Son œuvre est donc le prolongement positif des formes naturelles, des textures et couleurs de la nature. Ce que la nature pouvait faire dans de petites formes vivantes, Bertoia l’amplifie avec des métaux pour surprendre le spectateur et lui montrer la beauté de la nature à petite échelle qu’il négligeait (Buisson, arbustes, fleurs…)
A l’autre extrémité de l’echelle humaine, Bertoia nous rapproche les choses en nous permettant de contempler à échelle humaine tout ce qui nous dépasse (nuages, étoiles, soleil…).
Le travail de Bertoia sur la nature s’échelonne entre 1950 et 1970 et se décline à travers 17 modèles.
Le métal comme outil de réflexion sur l’homme
Cette paire de sculpture "Sonambient"ou"Sray" est constituée de fils en acier inoxydable placés en forme d’éventail. Ces fils sont retenus dans une base cylindrique en acier chromé. Copyright Sotheby's NY, 24 septembre 2009.
À partir des années 1970, Bertoia utilise le métal comme outil de réflexion sur l’homme. Après avoir étudié l’environnement de l’homme, Bertoia traduit par ses sculptures « Sonambient » les expressions de l’homme. Il s’agit d’œuvres sur pied partiellement mobiles qui résonnent sous l’effet du vent ou quand on les touche. C’est l’enchevêtrement et l’étirement du métal qui faisant face au vent ou au toucher crée des nuances de tonalités différentes. Il traduit ainsi l’expression de l’homme grâce aux métaux par le mouvement et le son de ces sculptures.
À ce titre, Harry Bertoia fit des concerts et 9 albums tous intitulés « Sonambient ».

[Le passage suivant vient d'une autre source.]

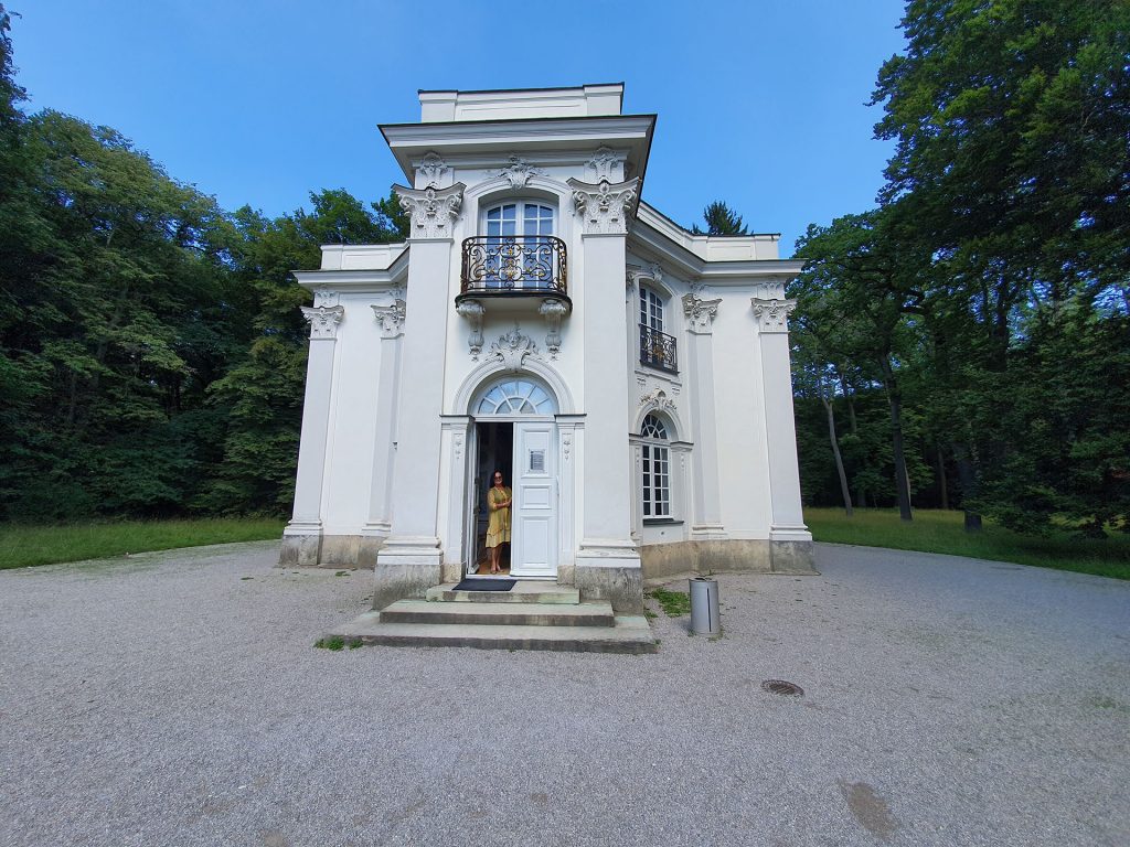 Po zwiedzaniu komnat przyszedł czas na wielki, pięknie położony i zaprojektowany park przypałacowy. Mimo pięknej pogody i gotowości do dłuższych spacerów, dotarliśmy tylko do pałacyku Pagodenburg (nazwanym tak ze względu na malowidła w chińkim stylu we wnętrzu), gdzie odpoczęliśmy i zdecydowaliśmy się na powrót. Niestety nie dotarliśmy do pałacyków-pawilonów Badenburg, Amalienburg i Magdalenenklause (samotnia Magdaleny). Pominęliśmy również muzeum powozów i sań oraz muzeum porcelany. Okazuje się, że aby przejść sam park i odwiedzić cztery pawilony, potrzeba na to około dwóch godzin.

D’ailleurs dans les années 1990, sa fille retrouva dans l’une des granges de la propriété familiale en Pennsylvanie des bandes sonores et décida de les vendre aux enchères. C’est le label japonais PSF records qui les acheta et édita grâce à ces bandes quatre autres albums intitulés « untitled ». Ces enregistrements sont toujours proposés à la vente.